The greatest difficulty in performing this task analysis is avoiding the inherent biases of being too familiar with your existing design and creating task flows that simply justify your current site. Remember, your design is inaccurate, so if your analysis says it isn’t, then your analysis is equally as inaccurate.
How to Include Knowledge in Your Design
The magical and innovative part of the knowledge gap analysis process is that it not only identifies the gap, but also suggests what knowledge you need to add to your design.
Your task analysis should indicate what knowledge is required by the user to successfully navigate your site and perform necessary functions. Your design must somehow include that knowledge if you can’t expect your users to already have that requisite knowledge.
Some common ways to include knowledge in your design are to promote a single best practice approach to completing a task, provide templates, and provide “calculators” to help users more accurately determine what they need.
If there is more than one way to perform a task, avoid relying on the users to know what the right way is.
When an engineer sees 100 users doing the same thing 100 different ways, they think that they need to design an interface flexible enough to allow anyone to perform the task any way they want.
When a UX designers sees 100 users doing the same thing 100 different ways, they realize that no one knows how to do it the right way and they need an interface that guides them down a single, best practices path.
While conventional thinking might suggest a flexible interface, a single path interface will likely be much more successful.
Provide Templates or Calculators
If the user’s task involves creating something, avoid forcing them to create something from scratch. Give them reasonable templates that they can modify to suit their needs.
It’s far easier to recognize that a template needs changing than it is to create the correct product from scratch. A template will likely contain elements that many users had not thought of until they saw them in the template. FedEx Office Print Online provides templates that users start with and then walks the users through the potential changes, eventually arriving a just the right result.
“Calculator” is more of a metaphor than an actual calculator. For instance, an insurance site might ask users a few questions to determine what insurance needs that user might have.

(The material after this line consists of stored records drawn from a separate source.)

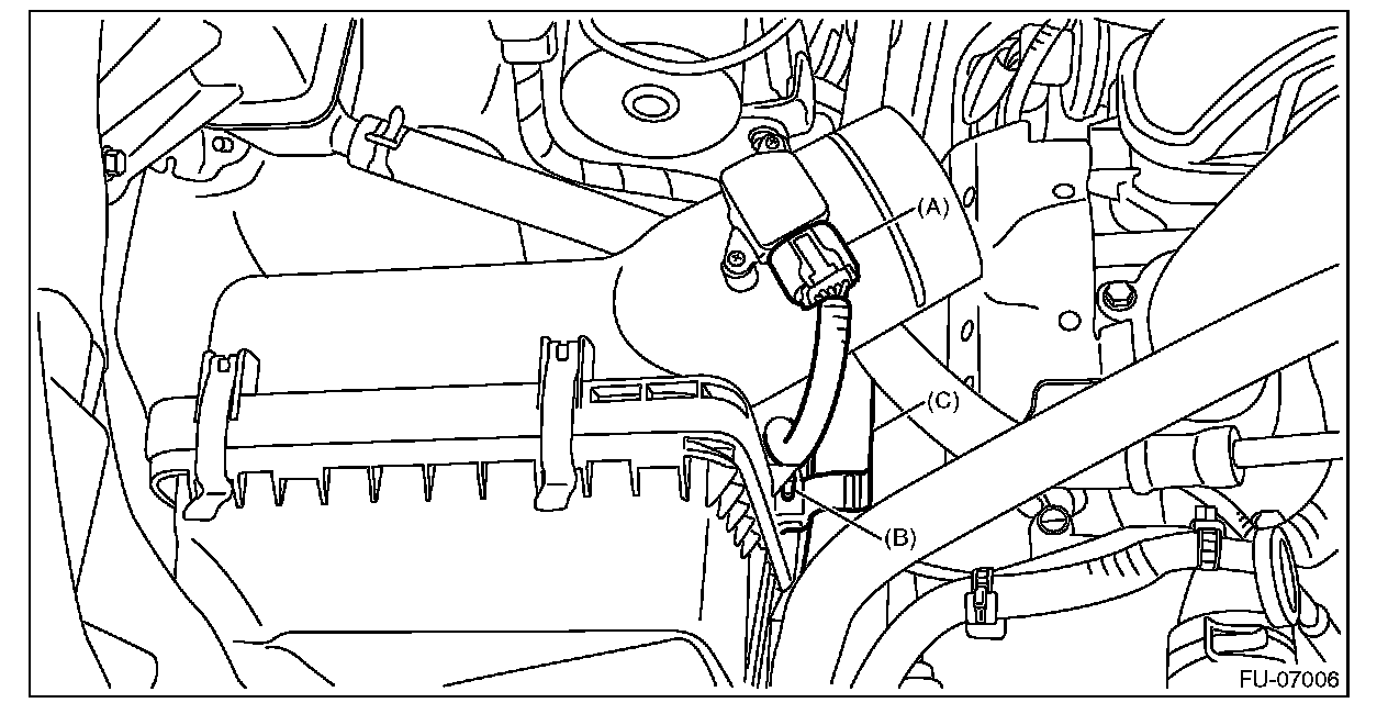 25) Install the suction hose (C) to the air cleaner case.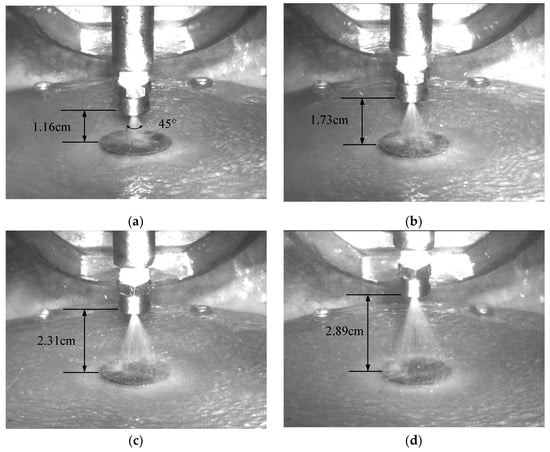 Visualization images of the effect of nozzle height change on spray coverage at a flow rate of 40 L/h: (a) height 1.16 cm, coverage16%; (b) height 1.73 cm, coverage 36%; (c) height 2.31 cm, coverage 64%; (d) height 2.89 cm, coverage 100%.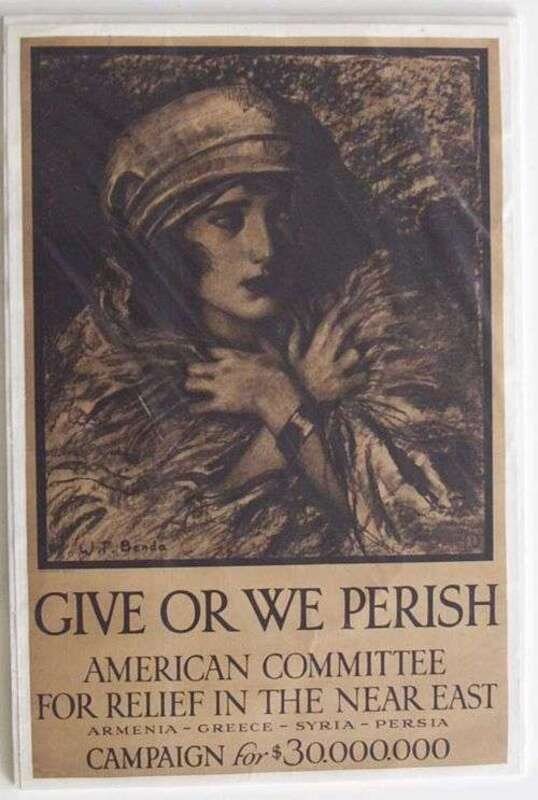 World War One Poster - American. Benda, W.T. "Give or We Perish." New York: Alco-Gravure, ca. 1918. Litho, 19 1/2 x 20 3/4 inches; 495 x 527 mm. Condition A-; some expert repairs to minor chipping along lower edges. Linen backed.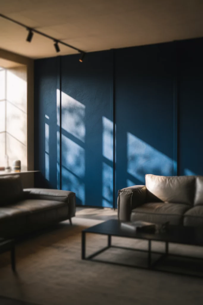 A blue accent wall—whether navy, midnight, or teal—deserves lighting that enhances its richness and depth. Directional spotlights or adjustable track lights positioned to graze the wall at an angle bring out the color’s saturation while adding drama and dimension. This technique, called wall washing, works especially well in living rooms with textured finishes (think Venetian plaster or grasscloth wallpaper) where the interplay of light and shadow creates visual interest. Pair this with ambient lighting from table lamps or floor lamps to keep the room balanced and inviting.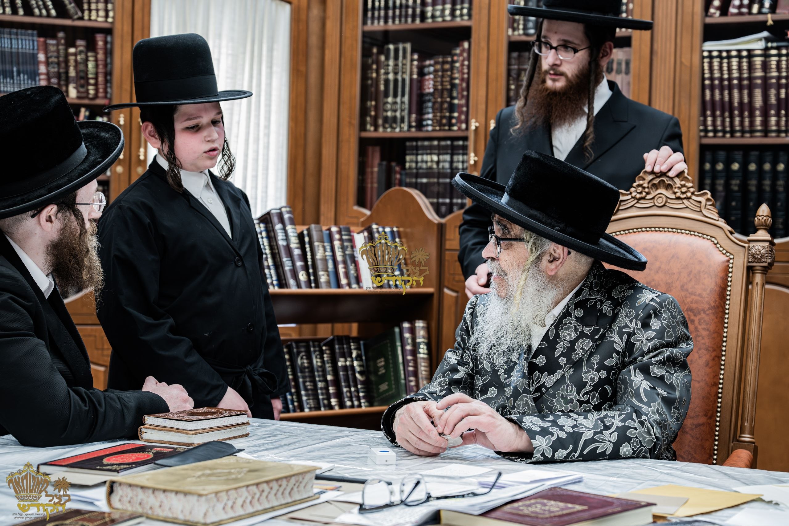 קרית יואל - האדמו"ר מסאטמאר נאך א ברית פון אן אייניקל, ווען דערנעבן זעט זיך אהן ישיבה גדולה בחורים וועלכע גייען ארום פאר צדקה, פארשטעלט.

Does the user have kids? Are the kids active in various sports? Are they nearing graduation?
These questions determine what type and amounts of insurance a homeowner might need and how those needs could change over time.
If you’ve ever had to change your insurance policy, you’ll recall that insurance companies each offer different policies and options that can be quite confusing to the average consumer. Given the complexities of insurance policies, relying on the user to assimilate and understand all of these complexities in order to choose the right options places an inordinate reliance on user knowledge.
Since we know that individual user knowledge is highly variable, any design that relies on that highly variable user knowledge can only achieve an equally variable level of successful. A calculator reduces the dependency on individual user knowledge and increases user engagement, which increases conversions.
Conducting a knowledge gap analysis should be your first step in finding ways to increase your conversions. Once you’ve corrected your site design, your Web analytics will provide more accurate insight into what incremental changes you could make to refine your conversion success.
Don’t be afraid if your site looks and acts differently than the competitor sites. It should. If it doesn’t, then either they have done a knowledge gap analysis and you are just now catching up, or you’ve done something wrong and are vulnerable to someone else doing a knowledge gap analysis and leaving you behind. In either case, you can’t afford not to do it.
New processes and tools are evolving everyday in the fast-paced world of e-commerce and this is one tool you should definitely add to your website analysis toolkit.